Dealing with accidental currying, and learning how to structure your code so that it leads to a type error instead of a runtime error, is just part of the contract you signed when you started using the language. I don’t think it should be buried in the fine print.
However I am probably on board with swapping curried and uncurried. Even if they aren’t equivalent and I have to use a manually curried function to leverage optional labels. I already have a mishmash of ()
and (.)
sprinkled more or less randomly in my codebase, and when I eventually switch to ReScript it’ll be littered with list{}
as well. It’ll just be one more weird thing we have to put up with to write code the way we want to.
For what its worth, I’d take the tradeoff of having slightly less readable JS in this regard than not have currying on by default. If I want the zero cost abstraction I’ll just use the Js.* API.
Thanks!
This is experimental, but it is so exciting that I would like to share: it is possible to support optional argument with uncurried too, so uncurried is as expressive as curried, note to land such feature would take some time.
Make the transition is a big change, we will find ways to do such transitions incrementally.
The major motivation of favoring uncurry instead of currying is not performance, it is to save the mental overhead, the semantic mismatch between ReScript and JS caused a huge headache and tons of bugs.
I don’t know how far you are with the v10, but maybe this is a good candidate for the experimental v11.
Personally, I can’t wait to play with it, but it might be a bit much for current production projects.
this is unlikely to land in v10, hopefully with an experimental flag
Thought this would fit perfectly in this discussion, so I want to post it here:
Note that currying, especially with Ramda, has a very large negative performance impact.
The example used to demonstrate this “very large” impact in the article was a totally synthetic benchmark (a + b
). I also don’t think Rambda’s dynamic curry system is really comparable to how curried functions work in ReScript.
I am on board with changing the default - most of the time it’s what I want, and losing the Curry._1
calls will simplify debugging - but I don’t see currying as having any performance impact in my app.
Not sure if this was a candid statement, but still an interesting tweet:
Yaron Minsky: “Hot take: currying is bad.”
I’m for uncurried by default. I was against it, because it makes the language less functional in the common sense. But! The convention of data-first arg almost made the whole idea of particial application questionable (killed it) in ReScript.
I don’t mind using _
to explicitly state a particial application (currying emulation) in rare cases when it is necessary. In exchange we can get better error messages, get them earlier, and make the JS interop more straightforward.
The thread adds interesting nuance to the hot take:
I mean, it’s cute and all that you can define multi-argument functions in terms of single-argument functions.

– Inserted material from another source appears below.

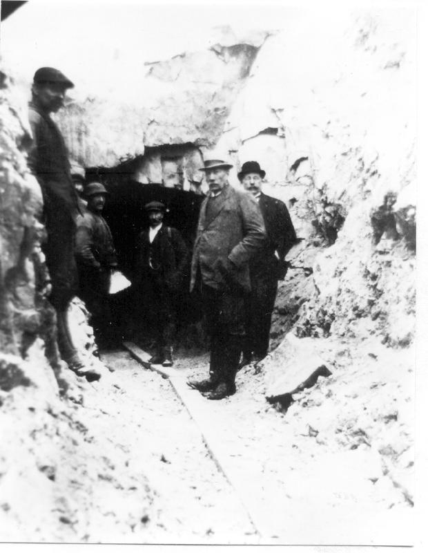 Løkmyrtunnellen til Bergvannet ble bygget rundt 1900. Til v. sees Olaf Halvorsen

But you can also encode tuples and integers as functions, and no one does that.
Partial application is good, of course. But the partial application afforded by currying is annoying, since you have to do the partial application in order. It would be better to have a lightweight syntax for partial application.

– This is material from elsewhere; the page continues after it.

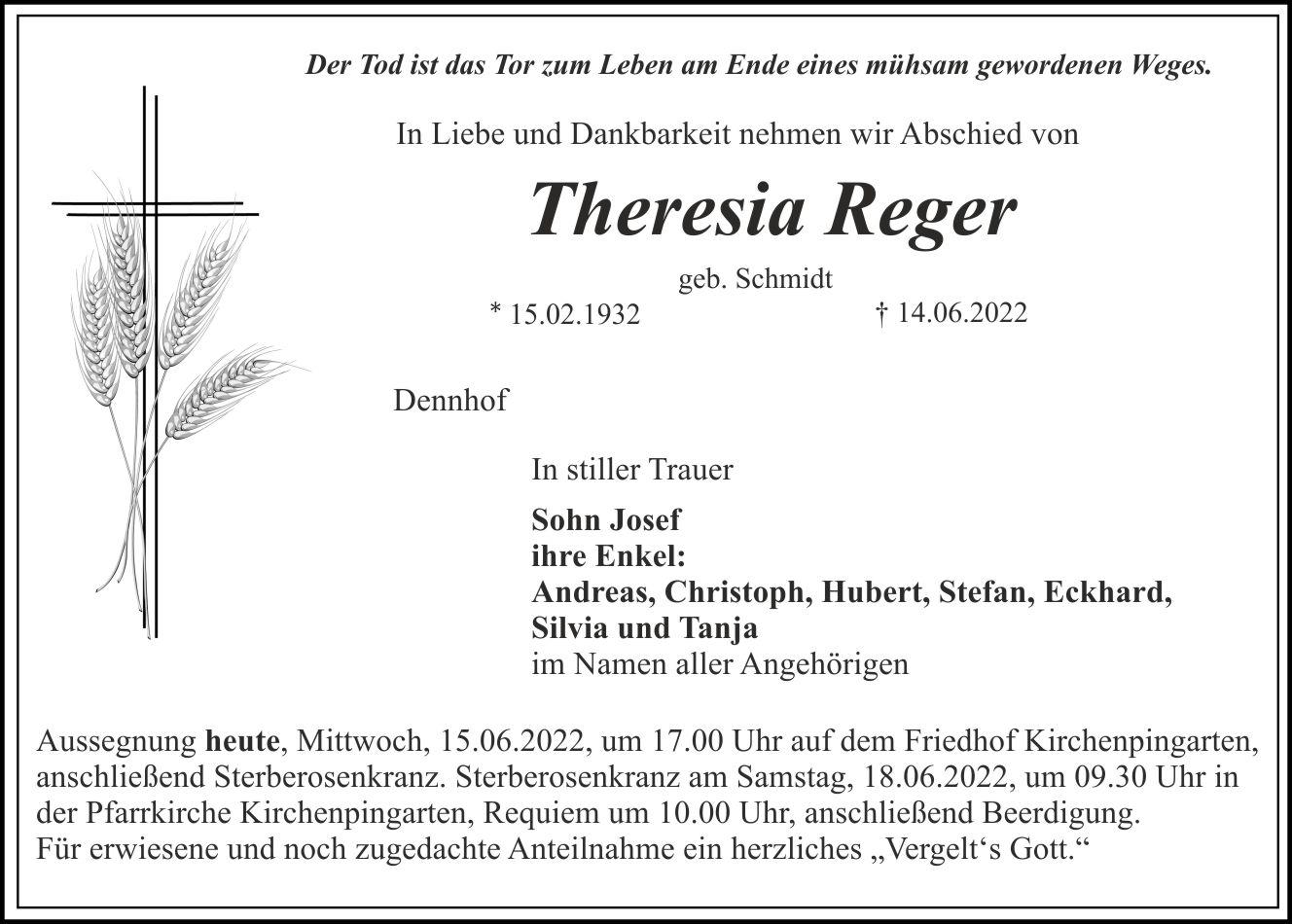 Aussegnung heute, Mittwoch, 15.06.2022, um 17.00 Uhr auf dem Friedhof Kirchenpingarten, anschließend Sterberosenkranz. Sterberosenkranz am Samstag, 18.06.2022, um 09.30 Uhr in der Pfarrkirche Kirchenpingarten, Requiem um 10.00 Uhr, anschließend Beerdigung.

Currying also makes things like ownership disciplines unnecessarily complicated, and requires a bunch of cleverness to do efficiently. And it leads to worse error messages, reduces the power of the type system to catch bugs, and produces a more confusing syntax for types.

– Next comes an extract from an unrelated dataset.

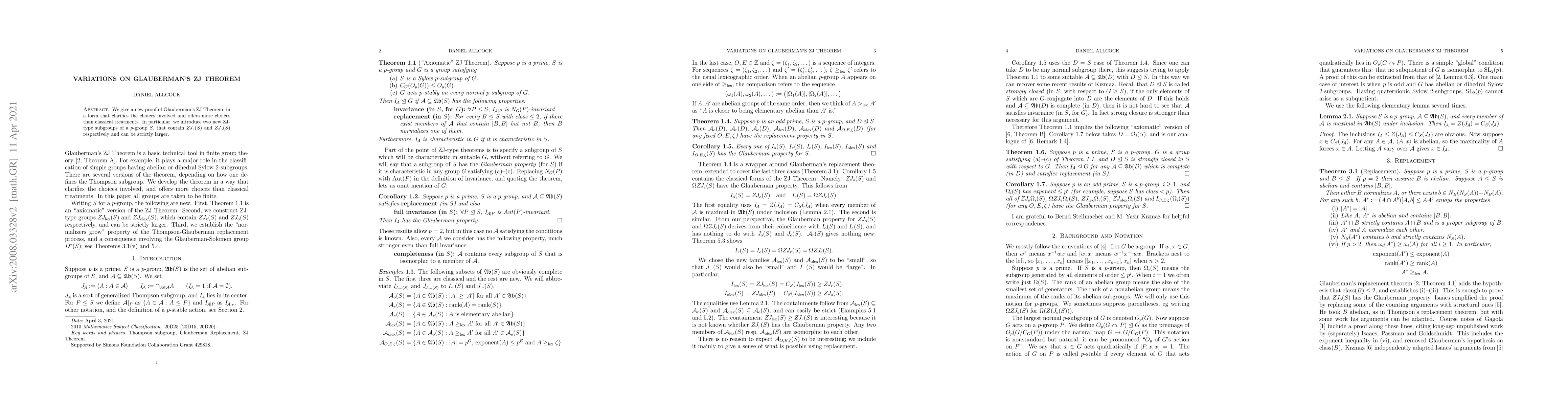 This paper presents a new proof of Glauberman's ZJ Theorem, emphasizing clarity in choices, and introduces two additional ZJ-type subgroups within $p$-groups $S$, which often exceed the size of traditional subgroups $ZJ_r(S)$ and $ZJ_o(S)$.

Of course, it should be possible to define curried functions. But there should be a first-class notion of multi-argument functions, and that should be the default
+1 from me!
I don’t mind using
_
to explicitly state a particial application
Of course one would need a dedicated syntax to opt into partial application, but this is a good point: a bunch of cases of opting in could be handled gracefully by using _
.
I agree too, having uncurried functions by default with a syntax for partial application looks like the best of both worlds.